To see what is open on the wifi you could use nmap 192.168.1.20 and for the ethernet nmap 192.168.1.10

The fact that you can ping 8.8.8.8 is encouraging and shows that at least the router sees your host and allows the reply back in.

This is strange, though it is possible that since the address is statically assigned on the host the router may not even know of it until the host makes an outbound connection request…

Is it possible those 2 addresses are within the dhcp address range the router assigns? If so then there could be conflict, so it is best to assign static addresses that are outside the dhcp assigned range.

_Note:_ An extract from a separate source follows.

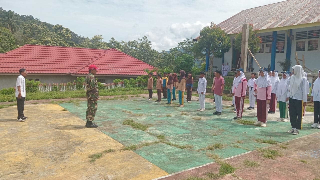 Semangat Disiplin Tumbuh di Lapangan Sekolah Saat Siswa SMPN 4 Satap Telaga Biru Dilatih Langsung oleh Prajurit Kodim 1315 Kabupaten Gorontalo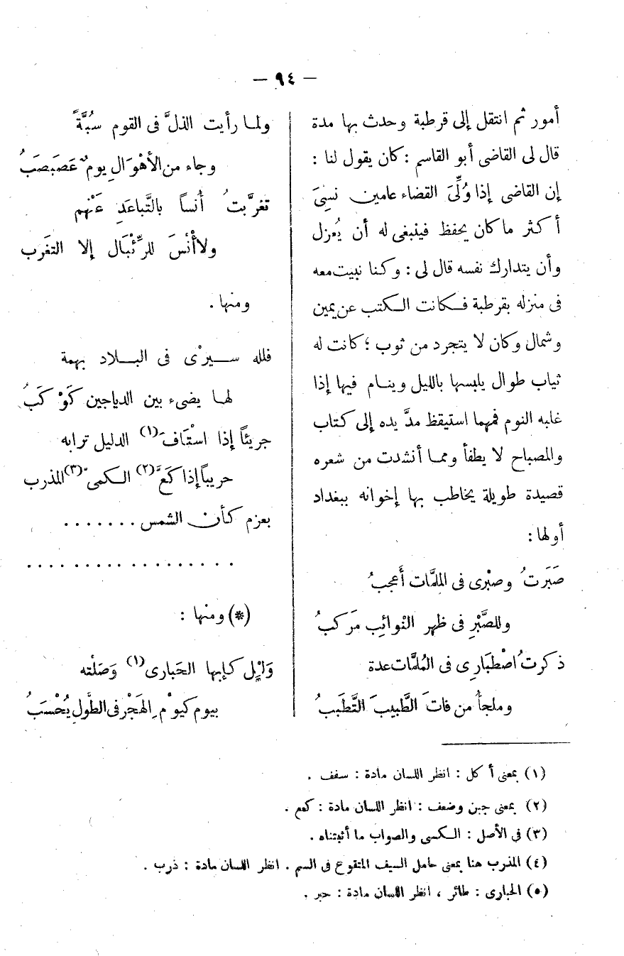 أمور ثم انتقل إلى قرطبة وحدث بها مدة. قال لي القاضي أبو القاسم: كان يقول لنا: إن القاضي إذا ولي القضاء عامين نسي أكثر ما كان يحفظ فينبغي له أن يعزل وأن يتدارك نفسه. قال لي: وكنا نبيت معه في منزله بقرطبة فكانت الكتب عن يمين وشمال وكان لا يتجرد من ثوب، كانت له ثبا طوال يلبسها بالليل وينام فيها إذا غلبه النوم فمهما استيقظ مد يده إلى كتاب والمصباح لا يطفأ ومما أنشدت من شعره قصيدة طويلة يخاطب بها إخوانه ببغداد أولها:

For static addresses I use the dhcp reserved address function on the router so the router always assigns the same address to the same mac address on my network. That allows me to always configure my hosts for dhcp and still have static addresses.

Some interesting thoughts there.

I haven’t got firewall-cmd available (this is still a basic coreos-intstall with NetworkManager-wifi overlay). Looking at iptables -L gives

-P INPUT ACCEPT
-P FORWARD ACCEPT
-P OUTPUT ACCEPT

I’m not too familiar with iptables usage directly but as I understand it those rules allow all traffic in and out without any restriction?

I think that because I’ve logged a response with curl ifconfig.co/json the router would have “seen” the outbound request, as well as in inbound response?

The static range isn’t within the dhcp range, dhcp is only issuing 192.168.1.100 to 192.168.1.199.

So as of now where I’m at:

  1. all connectivity works over ethernet
  2. outbound connectivity works over wifi
  3. inbound connectivity (e.g. ping, ssh) isn’t working over wifi

I know this is going to be something totally trivial that’s going to have me face-palming when I get to the bottom of it :rofl:

Because all connections are made with the LAN connectors of your router, right? So they act as as switch and you see the devices on the Mac-Address Level.
That you see the Wifi devices too, you need to add the Wifi Adapter (on the router) to a bridge where you add the Lan ports too.

What router are you using? Is this router connected directly to the providers router (wan port)?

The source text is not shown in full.